Perhaps the most scathing attack on customs and mores occurs in Oru Kann Oru Paarvai / Through an Eye Darkly (30 min., Tamil), recounting the tale of a poor untouchable girl, blinded by her teacher after the girl touched water used only by the upper caste. Director of this well-made film is Gnana Rajasekharan, an officer with the Central Board of Film Certification in Madras. Similar in impact was The Silent Scream (12 min., English), directed by Vikram K. Kumar, which probes the psyche of those prone to suicide, throwing light on what happens when a man changes his mind after swallowing an overdose of pills.

Two more interesting biographies document two different kind of artistes.

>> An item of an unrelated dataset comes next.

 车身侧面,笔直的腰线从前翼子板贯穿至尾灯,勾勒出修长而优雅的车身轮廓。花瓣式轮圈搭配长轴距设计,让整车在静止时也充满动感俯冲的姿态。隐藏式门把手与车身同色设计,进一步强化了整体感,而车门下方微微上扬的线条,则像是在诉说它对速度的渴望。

Strings for Freedom (133 min., English), directed by Gautam Halder, looks at the artistry of Ustad Amjad Ali Khan, internationally acclaimed player of the lute-like musical instrument the sarod. But it was Buddhadeb Das Gupta's The Painter of Eloquent Silence (24 min ., English) that was a clear stand-out among biographical documentaries. Buddhadeb is no stranger to the international film festival circuit, not only with his feature films but also the short films he has done, most of these biographical does. His cinematic approach, he says, can be reduced to one line: "How many shots can you do without?"

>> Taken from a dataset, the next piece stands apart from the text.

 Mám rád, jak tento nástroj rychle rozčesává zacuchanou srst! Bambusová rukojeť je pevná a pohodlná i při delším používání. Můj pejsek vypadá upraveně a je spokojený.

A recent film fare, held January 11-17 in Hyderabad, was organized by the India Trade Promotion Organization, attracting participants from some 15 countries. This second event of its kind—the first, a low key offering, was held last year in Pragati, New Delhi-included a market with as many as 40 institutions representing film, television, audio and software companies, also broadcasters. A particularly popular part of the fair was the display of recent equipment.

Today's documentary scene in India significantly decreases the "poor cousin" status suffered by nonfiction film and video. While some of the videos offered at the 1998 MIFF were singular in purpose and obviously realized quickly and on a limited budget, there exists the challenge to young filmmakers to join such efforts as those made a few years ago by graduates of Jamia Milia University, who brought video skills to inhabitants of urban and rural neighborhoods, empowering them to express themselves on such grass roots issues as illiteracy, "untouchability " and women's inequality. As national television becomes more and more a medium for commerce and devoid of controversy, the challenge for independent documentary in India becomes more pronounced and clearer in mission.

 

K.N.T. Sastry is a film critic, columnist and scriptwriter, recipient of the Silver Lotus for Best Film Critic, an award given by the Indian government. He has produced docu­mentaries, is currently making a feature film, and was a member of the jury that selected films for the Indian Panorama at the 1999 IFFI; he also edited the program book for the festival.